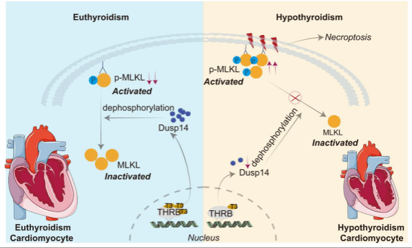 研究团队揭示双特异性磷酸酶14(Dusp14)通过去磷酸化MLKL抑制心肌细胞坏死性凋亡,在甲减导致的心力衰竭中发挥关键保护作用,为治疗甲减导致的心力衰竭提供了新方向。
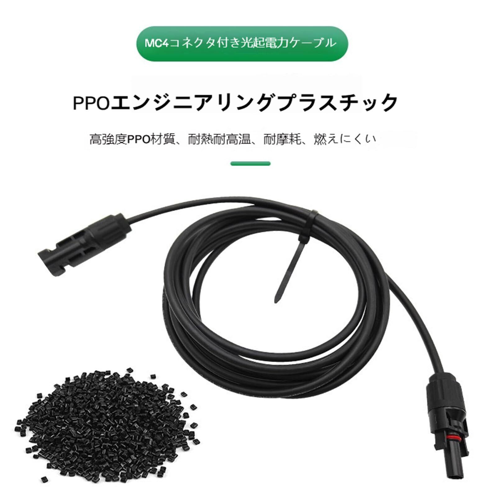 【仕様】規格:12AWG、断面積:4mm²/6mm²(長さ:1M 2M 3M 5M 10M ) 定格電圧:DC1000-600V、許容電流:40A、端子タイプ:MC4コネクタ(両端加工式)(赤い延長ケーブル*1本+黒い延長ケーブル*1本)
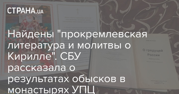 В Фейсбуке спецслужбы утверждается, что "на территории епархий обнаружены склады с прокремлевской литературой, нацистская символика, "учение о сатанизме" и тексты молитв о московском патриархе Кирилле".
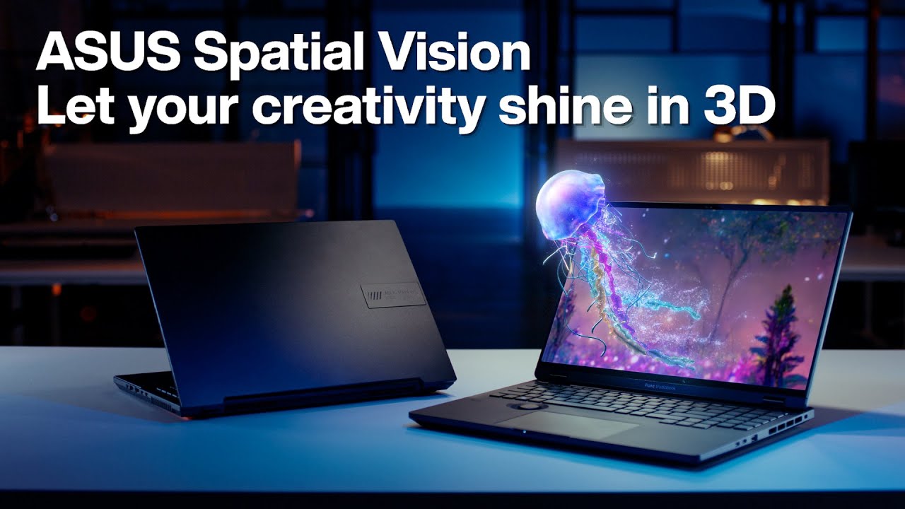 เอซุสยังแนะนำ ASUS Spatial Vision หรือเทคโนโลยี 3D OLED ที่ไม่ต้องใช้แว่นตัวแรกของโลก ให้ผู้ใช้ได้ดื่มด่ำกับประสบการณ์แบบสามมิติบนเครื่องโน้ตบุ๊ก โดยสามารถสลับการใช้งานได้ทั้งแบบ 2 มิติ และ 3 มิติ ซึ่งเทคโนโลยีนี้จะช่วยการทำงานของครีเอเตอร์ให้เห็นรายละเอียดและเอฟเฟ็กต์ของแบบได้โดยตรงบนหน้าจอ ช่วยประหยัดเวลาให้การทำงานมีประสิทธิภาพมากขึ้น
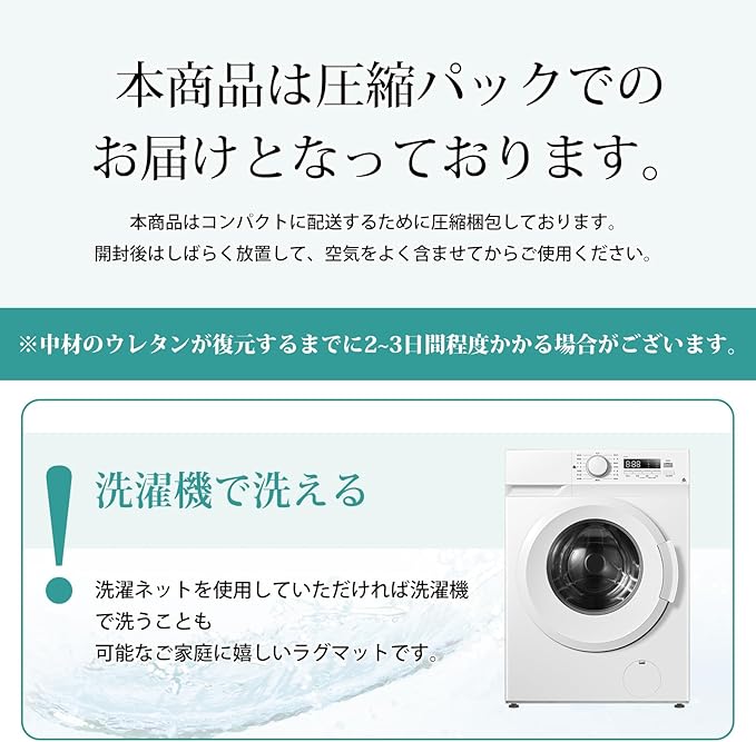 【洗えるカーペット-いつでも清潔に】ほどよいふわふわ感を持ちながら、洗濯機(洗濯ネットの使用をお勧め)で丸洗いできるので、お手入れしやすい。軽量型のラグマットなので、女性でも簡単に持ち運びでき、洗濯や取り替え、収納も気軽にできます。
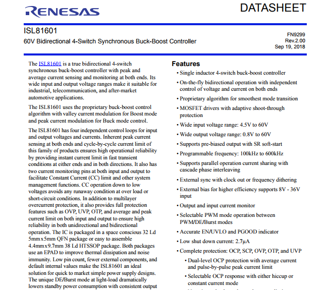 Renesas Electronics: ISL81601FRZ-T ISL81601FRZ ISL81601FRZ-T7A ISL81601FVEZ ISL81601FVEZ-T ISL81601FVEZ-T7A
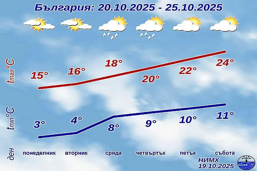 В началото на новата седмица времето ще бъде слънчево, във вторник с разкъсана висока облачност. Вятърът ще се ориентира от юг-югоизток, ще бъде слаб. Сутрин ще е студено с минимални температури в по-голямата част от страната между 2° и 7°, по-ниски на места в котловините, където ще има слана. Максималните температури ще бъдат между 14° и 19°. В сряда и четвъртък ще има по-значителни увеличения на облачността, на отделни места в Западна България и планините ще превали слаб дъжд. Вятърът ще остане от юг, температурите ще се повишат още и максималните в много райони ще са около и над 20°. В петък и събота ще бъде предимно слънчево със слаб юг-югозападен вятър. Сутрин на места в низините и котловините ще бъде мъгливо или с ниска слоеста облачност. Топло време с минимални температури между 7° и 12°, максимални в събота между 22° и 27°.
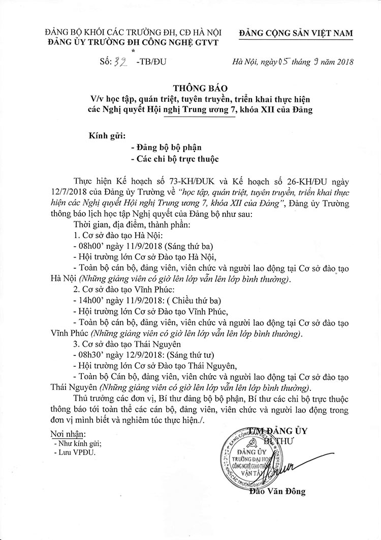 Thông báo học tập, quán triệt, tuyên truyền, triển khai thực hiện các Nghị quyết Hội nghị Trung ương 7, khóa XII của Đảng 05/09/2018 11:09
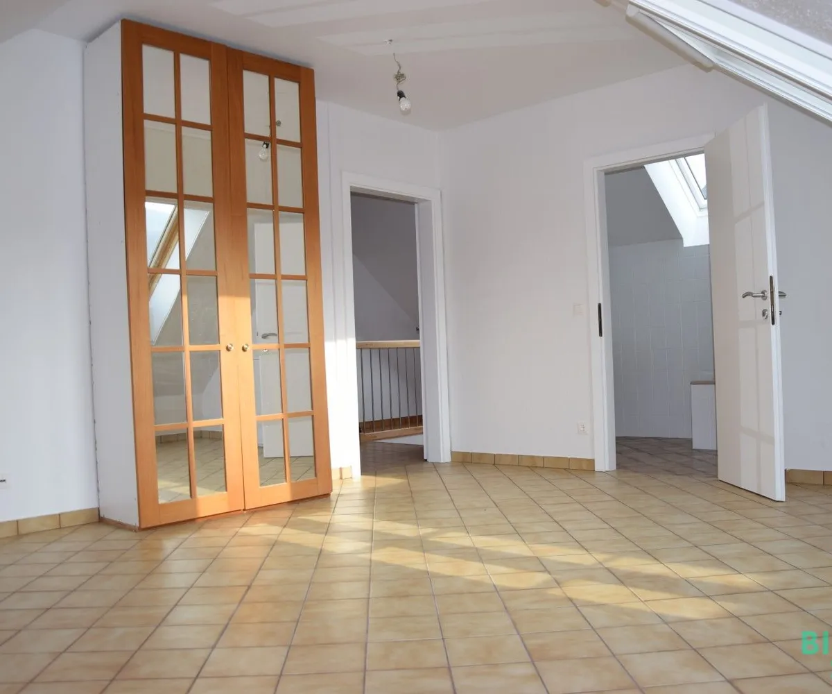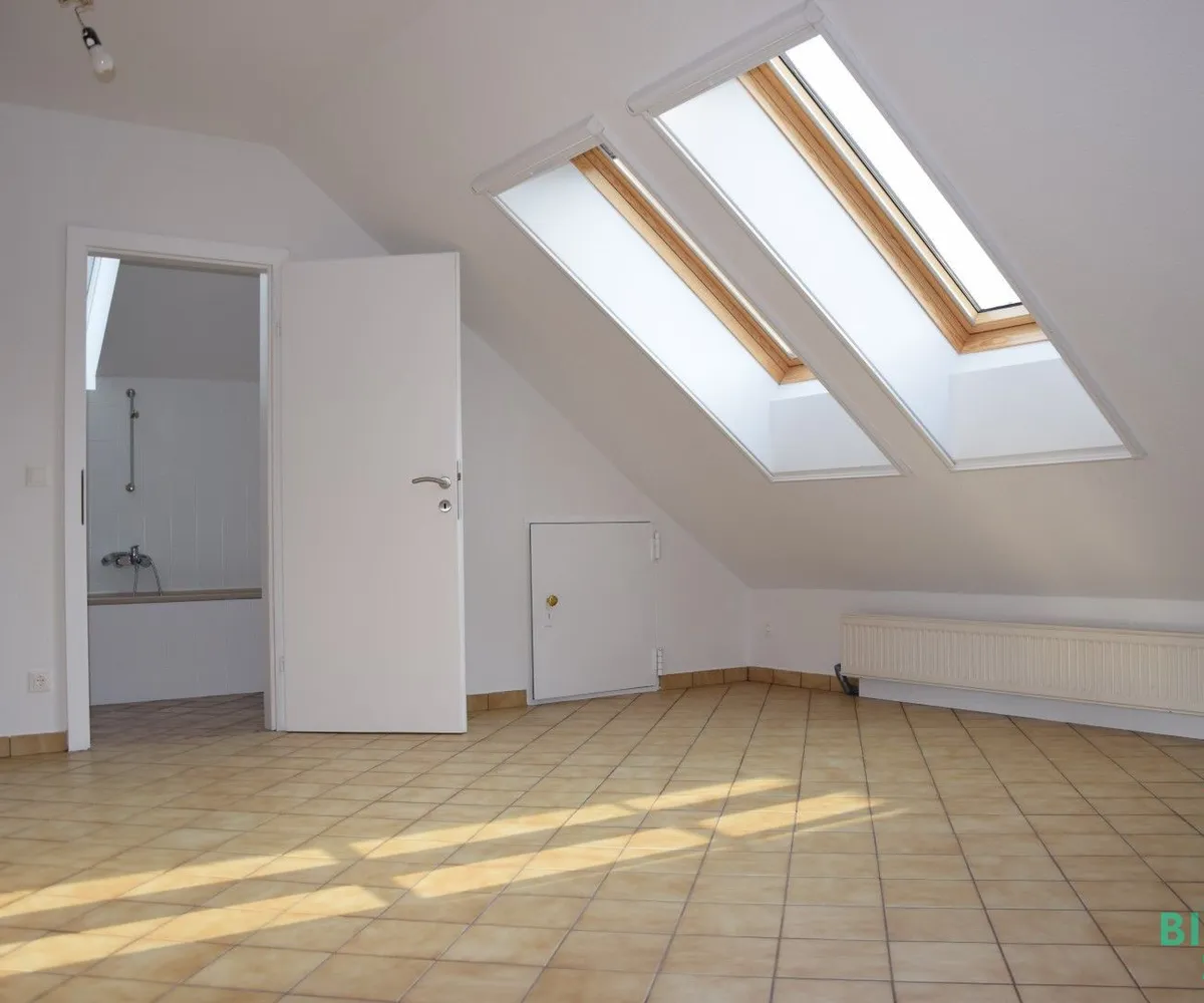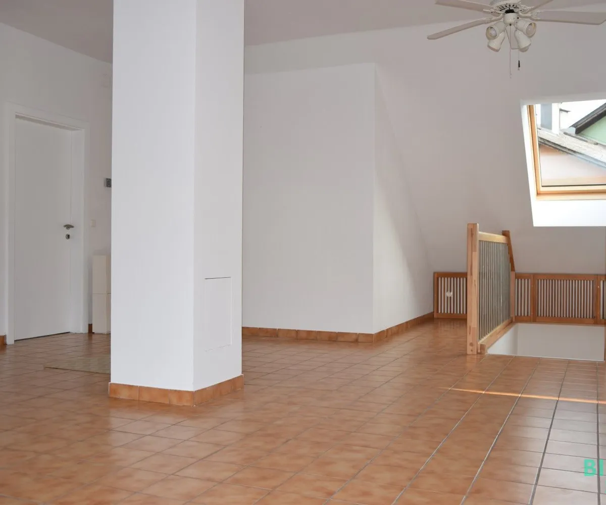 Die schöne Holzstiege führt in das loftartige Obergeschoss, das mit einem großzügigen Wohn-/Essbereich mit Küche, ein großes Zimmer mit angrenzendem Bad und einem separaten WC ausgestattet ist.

────────────────

What this task involves:
Only the lines from the one with "Renesas Electronics: ISL81601FRZ-T" through the final line of the entries above should be transcribed, exactly and without pictures.

Final answer:
 Renesas Electronics: ISL81601FRZ-T ISL81601FRZ ISL81601FRZ-T7A ISL81601FVEZ ISL81601FVEZ-T ISL81601FVEZ-T7A
 В началото на новата седмица времето ще бъде слънчево, във вторник с разкъсана висока облачност. Вятърът ще се ориентира от юг-югоизток, ще бъде слаб. Сутрин ще е студено с минимални температури в по-голямата част от страната между 2° и 7°, по-ниски на места в котловините, където ще има слана. Максималните температури ще бъдат между 14° и 19°. В сряда и четвъртък ще има по-значителни увеличения на облачността, на отделни места в Западна България и планините ще превали слаб дъжд. Вятърът ще остане от юг, температурите ще се повишат още и максималните в много райони ще са около и над 20°. В петък и събота ще бъде предимно слънчево със слаб юг-югозападен вятър. Сутрин на места в низините и котловините ще бъде мъгливо или с ниска слоеста облачност. Топло време с минимални температури между 7° и 12°, максимални в събота между 22° и 27°.
 Thông báo học tập, quán triệt, tuyên truyền, triển khai thực hiện các Nghị quyết Hội nghị Trung ương 7, khóa XII của Đảng 05/09/2018 11:09
 Die schöne Holzstiege führt in das loftartige Obergeschoss, das mit einem großzügigen Wohn-/Essbereich mit Küche, ein großes Zimmer mit angrenzendem Bad und einem separaten WC ausgestattet ist.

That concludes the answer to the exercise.